Through a series of coincidences we are invited to lunch by
the food and beverage manager of the Club
Nautic de Kinshasa. She’s a warm hearted Congolese women who decided it was
time to have some friends around to share a meal, and show off her cooking.
It’s not very far from where we live – fifteen minutes by
car on a Sunday, but 45 minutes during the week – along the triumphal Boulevard
around which the city was developed, and then turning South towards the
airport. But the last stretch is something else: we turn left to enter a
densely packed market and drive nervously over thick layers of rubbish. If we
hadn’t been warned we would have thought, without doubt, that this was the
wrong turning. But it wasn’t, and before long we see the entrance to a green
and calm space, protected from invasion by a boom and a suspicious security
guard.
Beyond the car park is a long low building through which one
can just see a patch of river. We find our way to the wide verandah overlooking
the river and join the other guests. Unlike most other occasions, when English
is used, this is a French-only occasion, which is very good for us.
We’re so used to mixing with development people, like me
that it’s good to meet a different set: these were people in business. There’s
a bank manager, whose wife we’ve met before, and she’s the interesting one.

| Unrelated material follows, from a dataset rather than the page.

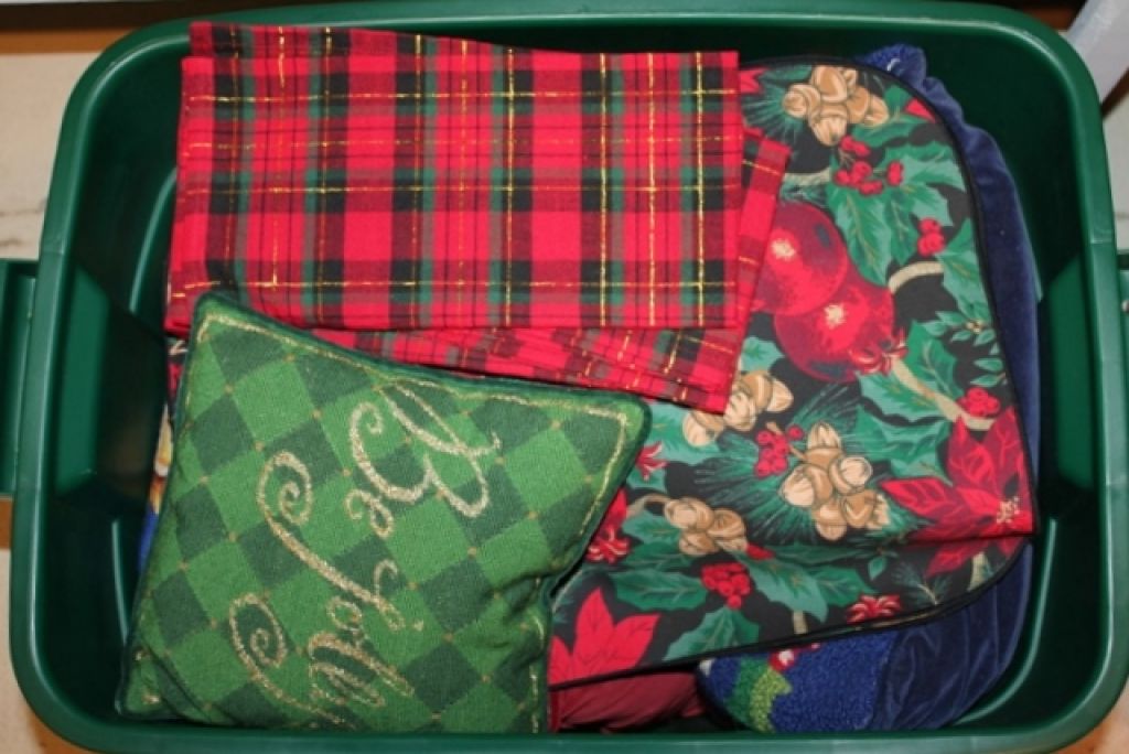1560 Miscellaneous Christmas Decorations Description: Miscellaneous Christmas Decorations; pillows, placemats, tablecloths

Rather than sit around, doing nothing, as so many expatriate wives do, she
started a little business making purses, wooden trays, and a variety of such
like small useful objects. She has a full time staff of nine, who work in her
house, and sells everything she makes without difficulty. The other two were running
a new hotel. He, the Manager, said they had deliberately positioned it as a
three start establishment that would appeal to foreign NGO workers. It had,
above all, to be clean, with good service, and although it’s in a part of town
that we consider dodgy they are doing very well. His wife runs the restaurant.
This keeps them very busy, but they know that unless they are on duty 24 hours
a day standards will drop.
That’s when the discussion became truly racist. In spite of
a recognition that there are amazing opportunities available in the Congo if
you are willing to take the risk, the guests spent most of the meal talking
about how difficult it all is; how the workers are like children; the absurd
mistakes that they make; and how to boss them around in such a way that things
don’t go wrong.
It’s true that there are huge differences between our
cultures and that of the Congolese, and sometimes these lead to funny or
disastrous results. But the other guests raised more than an eyebrow when I
talked about our amazing team, about 70 of them, people who are comfortable
discussing deontology as a pressing training need. (Do any readers know what
that is? I didn’t), or who get really excited discussing political and economic
analysis techniques, or theories of change. In fact, I find their enthusiasm
for what seem to me to be futile abstractions quite frustrating, but you can
never say that are not thinking about their work.
The meal was a proper three courser: prawn cocktail, then prawns
fried in garlic butter and chips, followed by fruit salad and ice cream,
accompanied by wine and beer.
The view from the verandah could be more beautiful than it
is. In the foreground is a small marina, beyond which is a narrow creek leading
to the main river. But on both sides there are towering rusty wrecks of once
fine river steamers, now occupied by poor squatters. The main flow of the river
itself is only a strip on the horizon. I had thought that because the river
flows so fast and is so wide that it’s level doesn’t change much, but
apparently it is about two metres below the level it used to be. In the old
days, they said, the water was almost lapping up to the verandah.
Whatever the level of the river, it was like a breath of
fresh air to be able to sit there, in almost total silence, and just absorb the
view. Hopefully we’ll get invited again.